As a searcher, spiritually, atmospherically and inspirationally, I was struck by this description as Abbey explores a side canyon in the section formerly known as Glen Canyon which is now under water:

“Is this at last the locus Dei?  There are enough cathedrals and temples and altars here for a Hindu pantheon of divinities. Each time I look up one of the secretive little side canyons I half expect to see not only the cottonwood tree rising over its tiny spring- the leafy god, the desert’s liquid eye- but also a rainbow colored corona of blazing light, of pure spirit, pure being, pure disembodied intelligence, about to speak my name.”

He goes on to describe the weakness of mankind’s imagination. I understand him to mean that could we find enough amazement and awe in things natural, it would be sufficient to quell the thirst for wonderment.

The spiritual search which I strive for daily in playing music seems to be about the practice, the consistency.
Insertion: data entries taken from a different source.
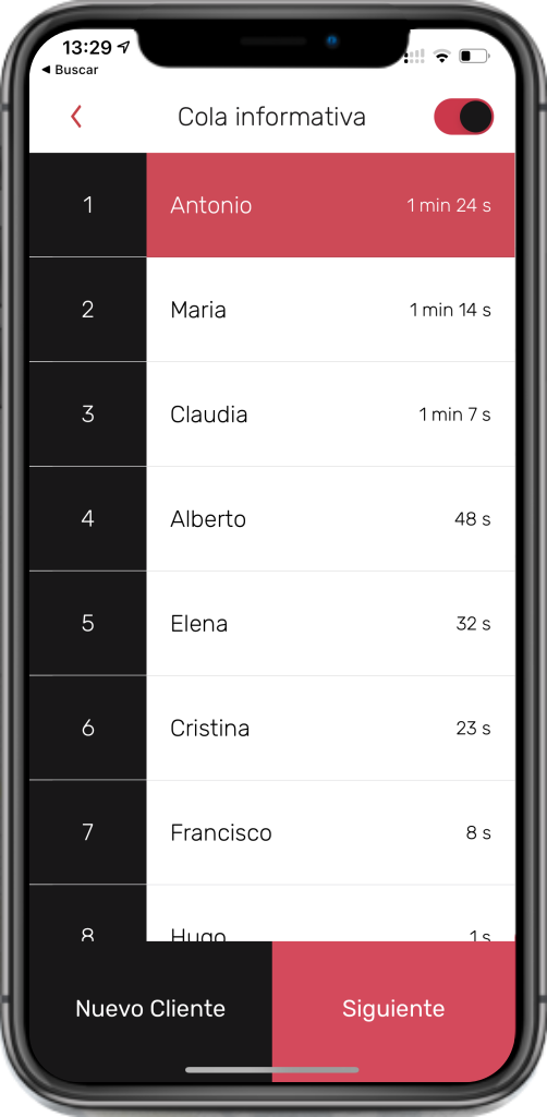 | Límite No se aceptarán clientes en las colas que han superado el aforo. |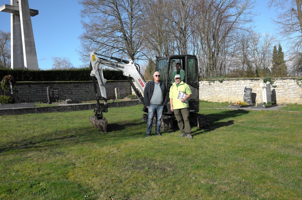 Für die Grabpflege sorgt die regionale Friedhofsgärtnerei Glück, die in den kommenden Wochen auch die parkähnliche Umgebung schafft mit kleinkronigen Bäumen, einem Rundweg, Sitzgelegenheiten, einer Pflanzenauswahl, die dafür sorgt, dass Besucher das ganze Jahr über blühende Blumen zu sehen und riechen bekommen und die zudem tierfreundlich ist. Wurzeln und Staudenbeete erfreuen Insekten, insbesondere Bienen, und Steinhaufen bieten unter anderem Eidechsen Unterschlupf. „Naturnah, grün, insektenfreundlich, auch das zeichnet das neue Grabfeld aus“, informiert Bürgermeister Rupp. 36 Urnengrabstätten, 10 davon am Baum sowie 5 Sarggräber bietet das neue Grabfeld. Auch damit trägt die Gemeinde den veränderten Wünschen der Bürgerinnen und Bürger Rechnung: „Vor Jahren war die Erdbestattung der Standard und eine Urnenbeisetzung die absolute Ausnahme. Heute verhält es sich genau umgekehrt“, so Rupp.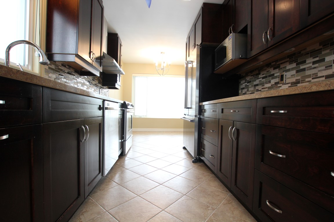 Kitchen features ceramic tile flooring, attractive countertops, modern dark brown cabinets, tile backsplash, double sink.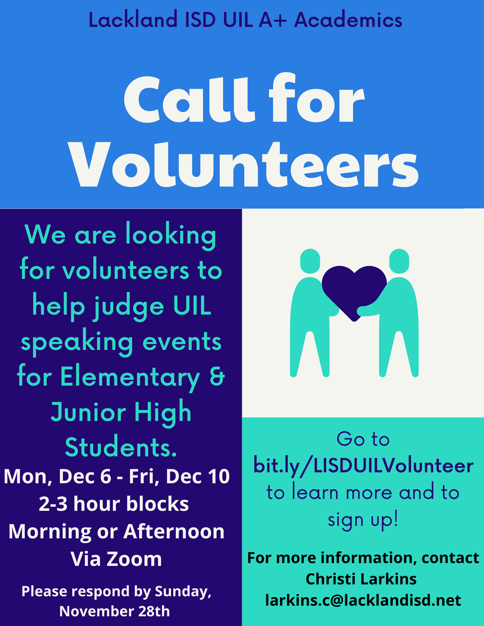LISD is hosting the 30-2A UIL A+ Academics District Meet and are in need of some volunteers to help judge our Speaking Events (via Zoom) from December 6th – 10th.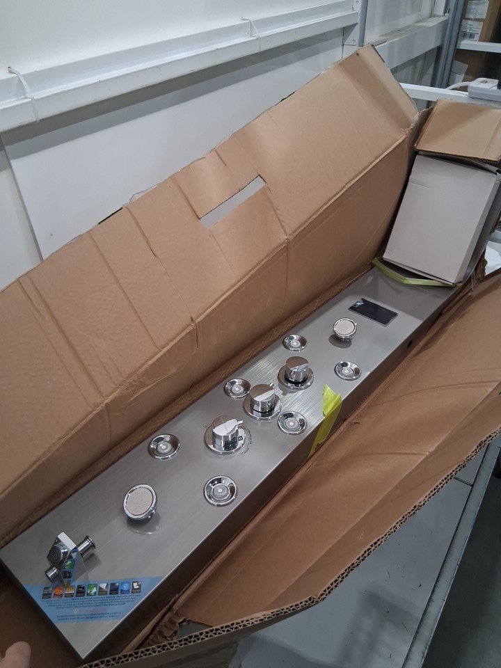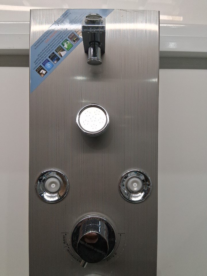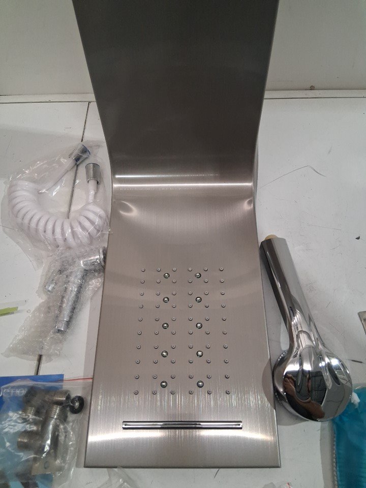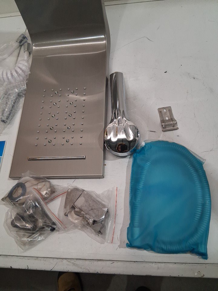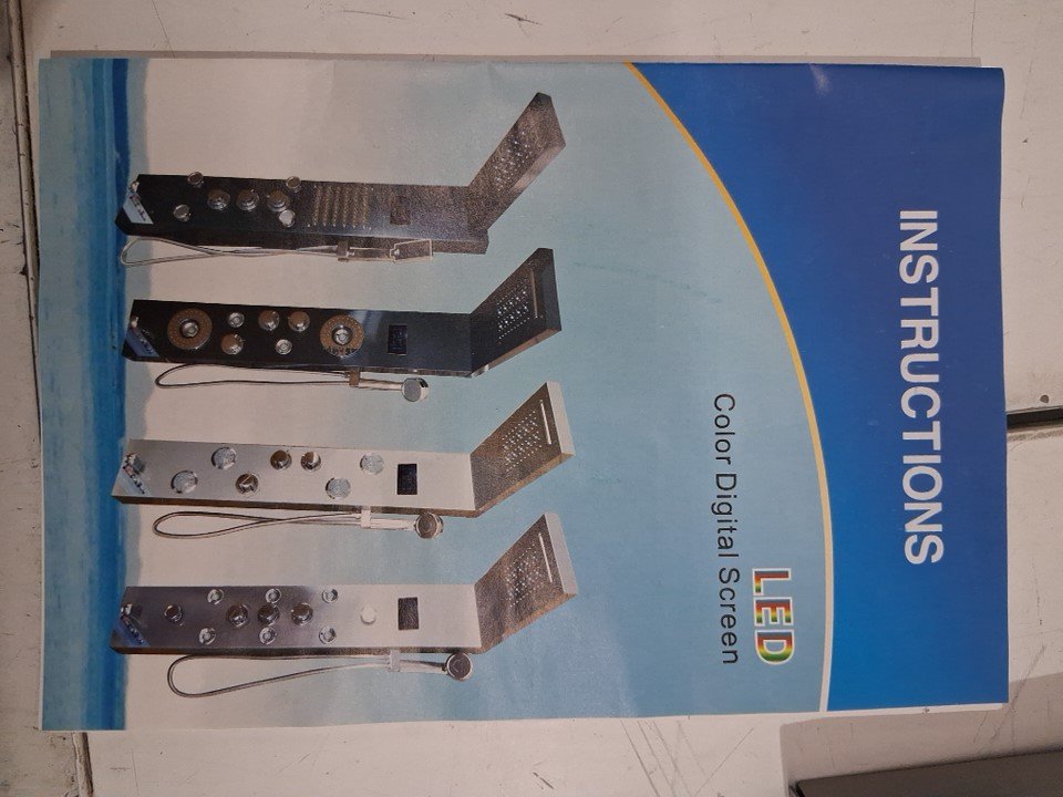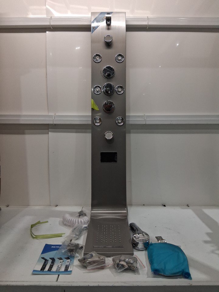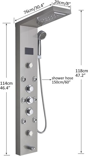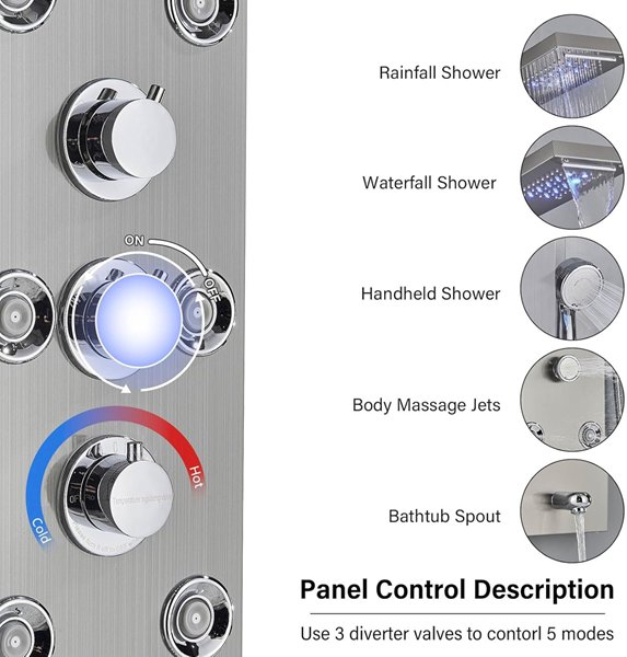 NeierThodore 6-in-1 LED Shower Panel Tower System with Massage Jets Handheld Shower and Tub Spout - 46.4" x 30.4" x 8" - Stainless Steel/Silver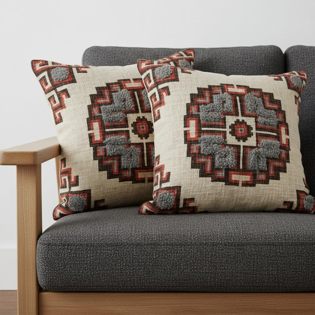beige geometric cotton throw pillows, geometric cotton throw pillows, cotton throw pillows, 18" brown beige geometric cotton, brown beige geometric cotton throw |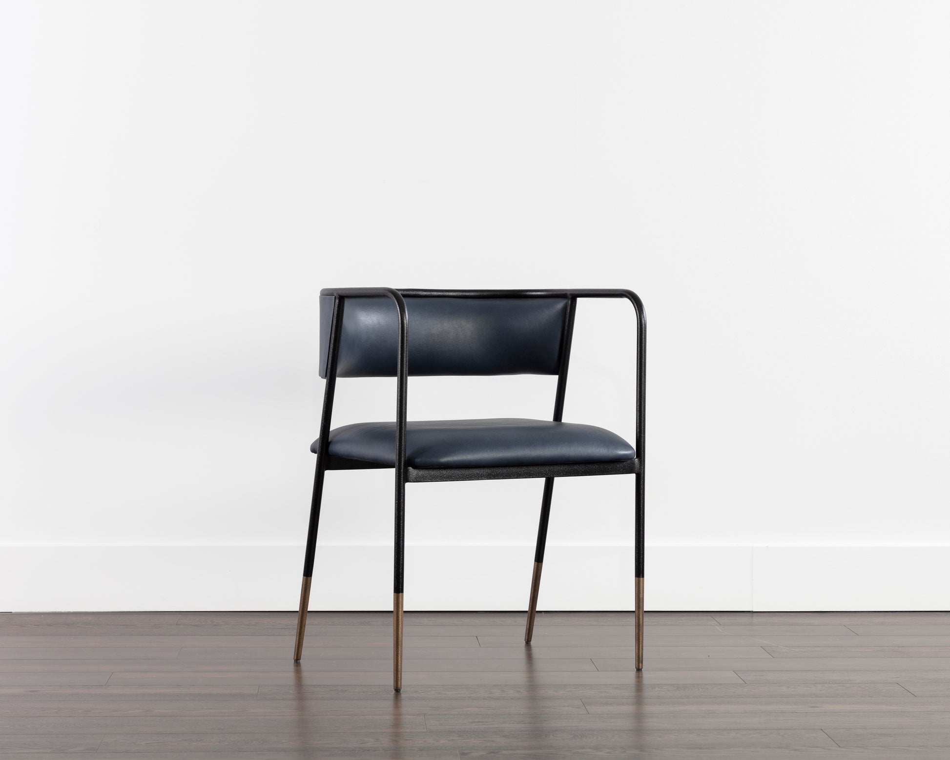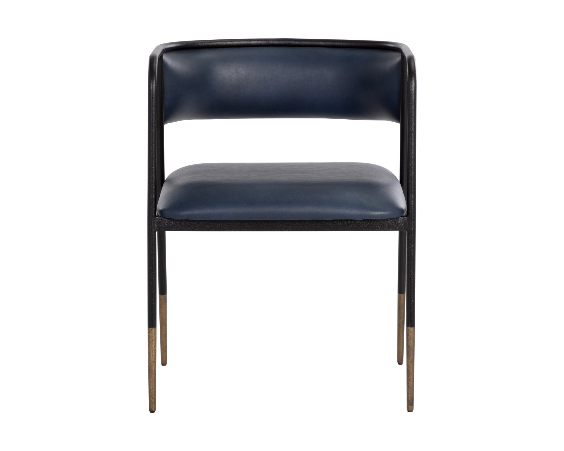 Simplicity is key with this effortlessly elegant dining armchair that features a curved backrest. Stocked in bravo admiral faux leather and completed with black metal frame and legs with antique brass tips. Handle With Care: This design has been crafted with faux leather. Faux leather is manufactured to reflect the natural characteristics of leather; as such, colour variations, markings, wrinkles, grooves, and light scratches are appreciated characteristics. No two pieces will be alike. Visit our Product Care page for more information on how to ensure the lasting beauty of this piece. Made in India. With refined craftsmanship, this design was brought to life by skilled local artisans. Due to the nature of handcraftsmanship, unique imperfections such as fissures, markings and variations in colour and shape are welcomed and appreciated characteristics for a truly one-of-a-kind piece.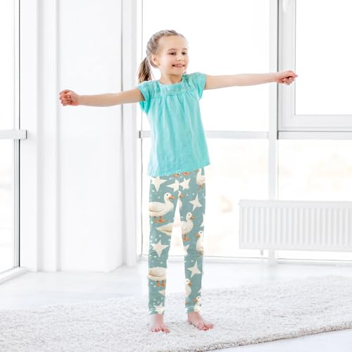 White Duck with Star Girls Leggings Athletic Pants Tights Stretch Bottom 4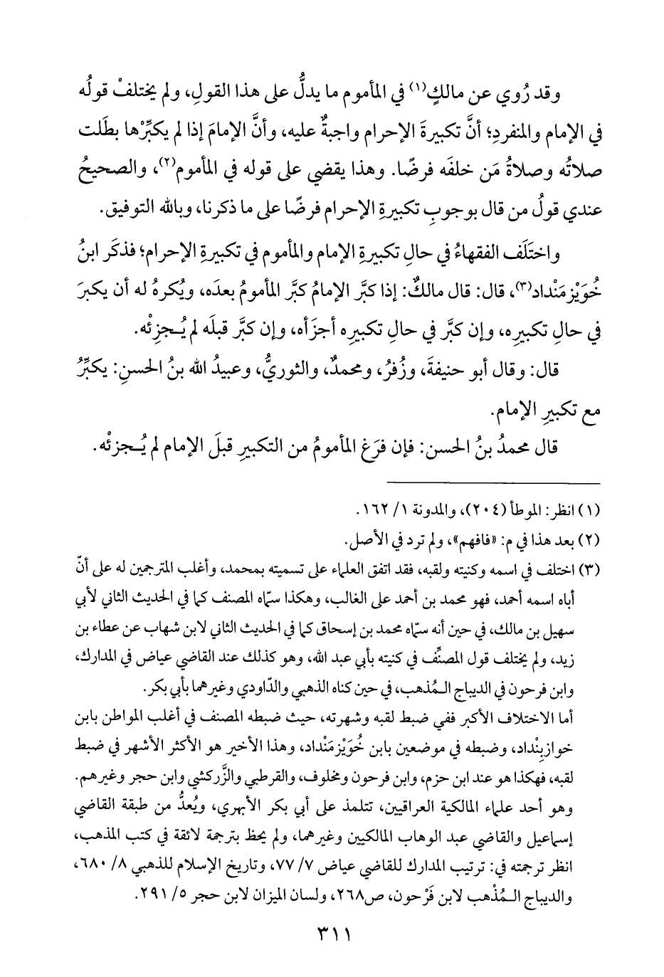 واختَلَف الفقهاءُ في حالِ تكبيرةِ الإمام والمأموم في تكبيرةِ الإحرام؛ فذكَر ابنُ خُوَيْزمَنْداد (¬٣)، قال: قال مالكٌ: إذا كبَّر الإمامُ كبَّر المأمومُ بعدَه، ويُكرهُ له أن يكبرَ في حالِ تكبيرِه، وإن كبَّر في حالِ تكبيرِه أجزَأه، وإن كبَّر قبلَه لم يُجزِئْه.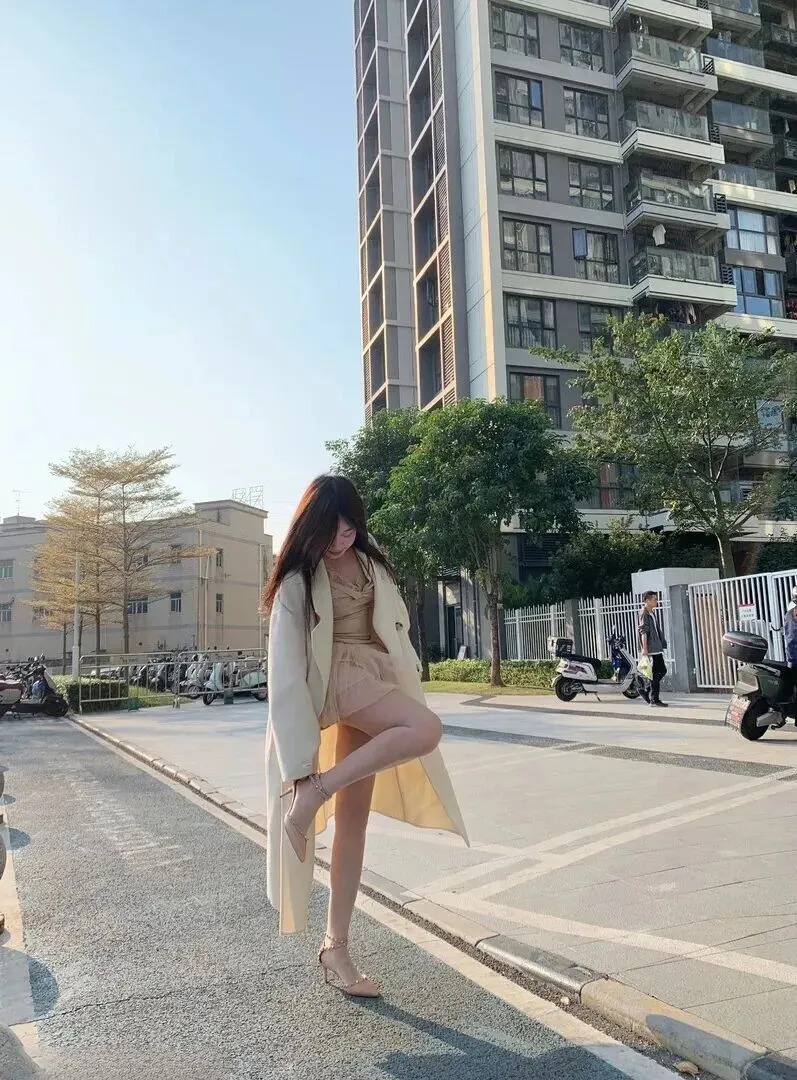 长款风衣是上班必穿的。腰带随意系上,走路带风的气场就出来了。里面穿米色针织连衣裙,脚下是裸色高跟鞋,在小区门口拍张照片,同事都忍不住多看两眼。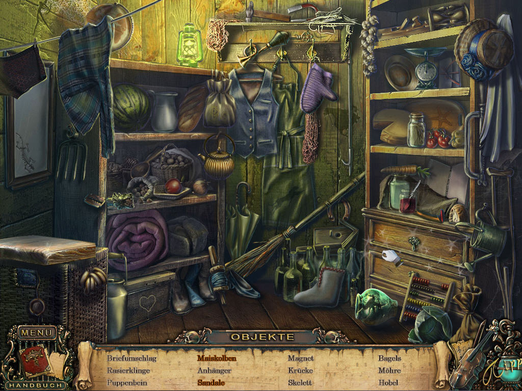 Wimmelbilder gibt es hier in zweiVarianten. Die Wortsuchliste weist ein oder mehrere zusätzlich versteckte Objekte auf, die sich hinter Tüchern, in Schubladen oder ähnlichem befinden. In den Puzzle-Szenen wird man jeden durch Umrisse dargestellten Gegenstand wieder benutzen müssen, um einen weiteren zu erhalten. Am Ende geht bei beiden Variationen ein Objekt ins Inventar.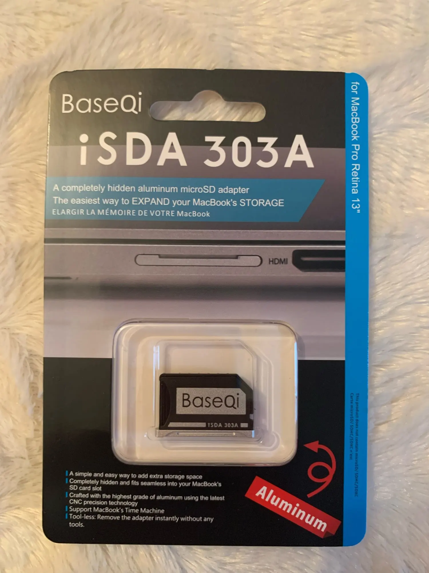 BaseQi aluminium Micro SD à SD carte adaptateur lecteur furtif lecteur de carte pour MacBook Pro Retina 13 "/15" et MacBook Air 13"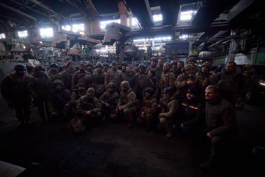 «Глава держави відвідав передові позиції однієї з механізованих бригад, особовий склад якої протистоїть ворогу на підступах до міста.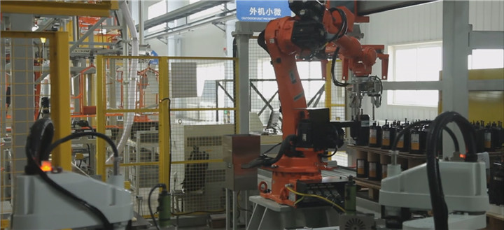 (四)自動(dòng)化下線機(jī):通過(guò)機(jī)器人完成自動(dòng)夾取產(chǎn)品、自動(dòng)堆碼、自動(dòng)取夾板等操作,全過(guò)程無(wú)人化操作,可滿足產(chǎn)品質(zhì)量在150KG內(nèi)的自動(dòng)堆垛,安定效率高。

Is this practice that which binds a life? Is it creating coherence, and solidifying  or providing a foundation for a life? Without a foundation, a reason, a center or that which guides your spirit, life is reduced to anxious searching. But with this foundation, reason or center guiding the spirit, we are on an adventure to discover sense expanding experiences throughout each and every day.

Through playing music I aim to transcend to a spiritual mindset of creating beauty and nuance that both fills listeners and myself with renewed energy and positive creative forces. This is a spirit guiding challenge for excellence, and as Edward Abbey quoted a wise man: All things excellent are as difficult as they are rare.